The researchers used case mix (for example, GA, race, and illness severity), exposure to medical practices/complications (for example, respiratory support, postnatal steroids for lung support, and infection), and nutritional intake (kcal/kg/day and protein in g/kg/day) to predict weight growth velocity between day 3 and day 28 (or discharge, if transferred early). Weight growth velocities varied significantly among the six NICUs. However, none of the NICUs provided infants (on average) with the recommended levels of nutrition with respect to calories and protein (ideally 130-150 kcal/kg/day and 3.5-4 g protein/kg/day), and only one NICU approximated intrauterine growth standards of 15 g/kg/day.

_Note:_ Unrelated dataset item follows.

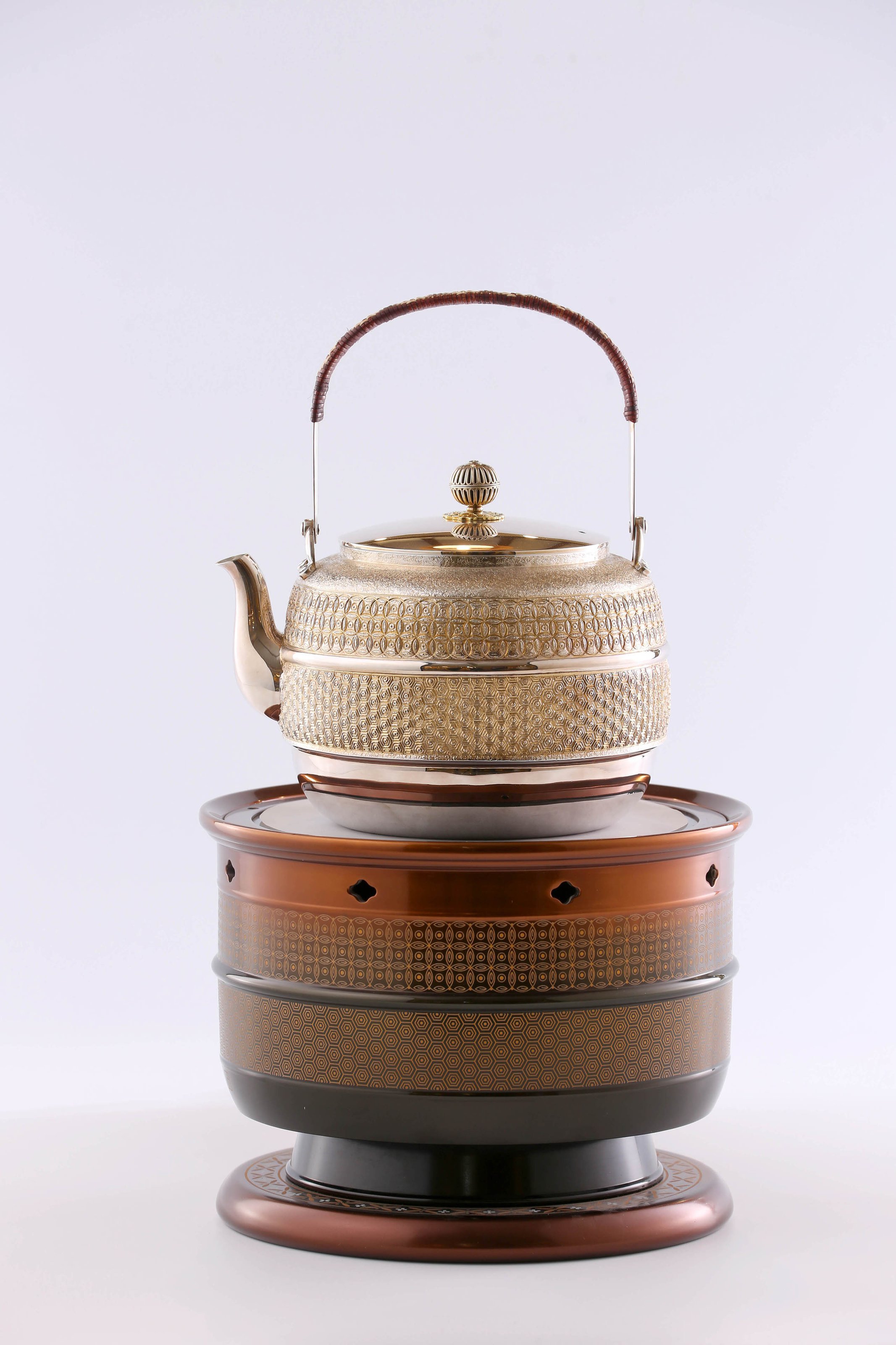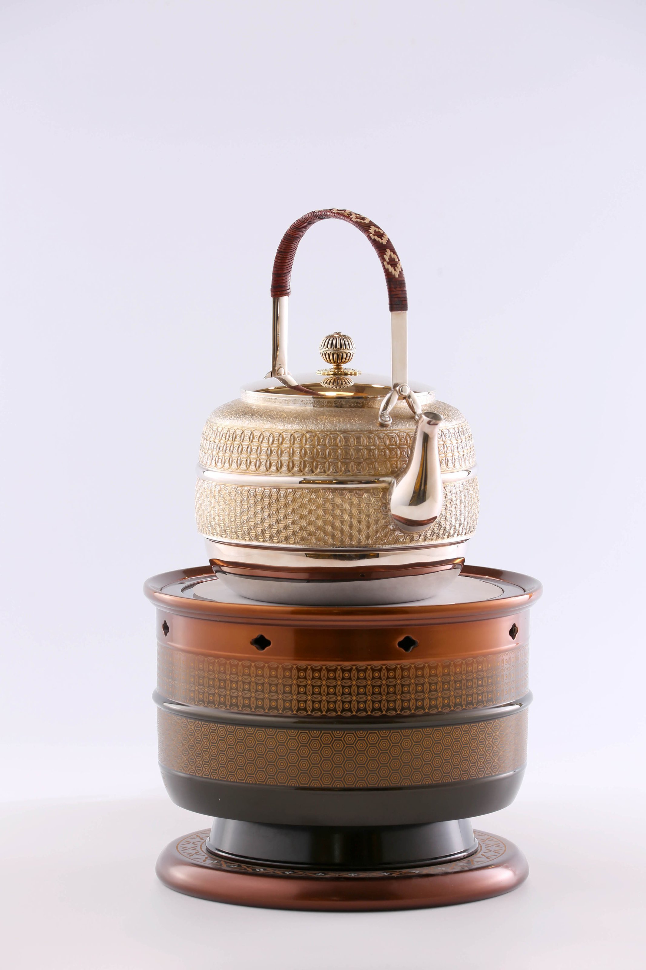 大雅堂出品 银器锻造非遗传人洪继科 造 腰缠万贯银壶 容量:约1200毫升 克重:约570克 壶身造型沉稳恢弘;三弯流口舒朗挺拔;提梁俊逸,老藤编把;金托倒扣菊花壶摘。壶身錾刻钱纹,外圆内方,环环相扣,四方连续;腰线熠熠生辉,金钱绵延不绝。 所配陶炉纹饰呼应,色彩和谐。

Adjustment for case mix and medical factors explained little of this variability, but additional control for calorie and especially protein intake accounted for much of the variability among NICUs. For the average infant, adjusted growth velocity ranged from 10.4 to 14.3 g/kg/day among the sites studied. The model predicted that adding 1 g/kg/day of protein to the mean intake for this sample would increase growth by 4.1 g/kg/day.
See "Intersite differences in weight growth velocity of extremely premature infants," by Irene E. Olsen, Ph.D., R.D., Dr. Richardson, Christopher H. Schmid, Ph.D., and others, in the December 2002 Pediatrics 110(6), pp. 1125-1132.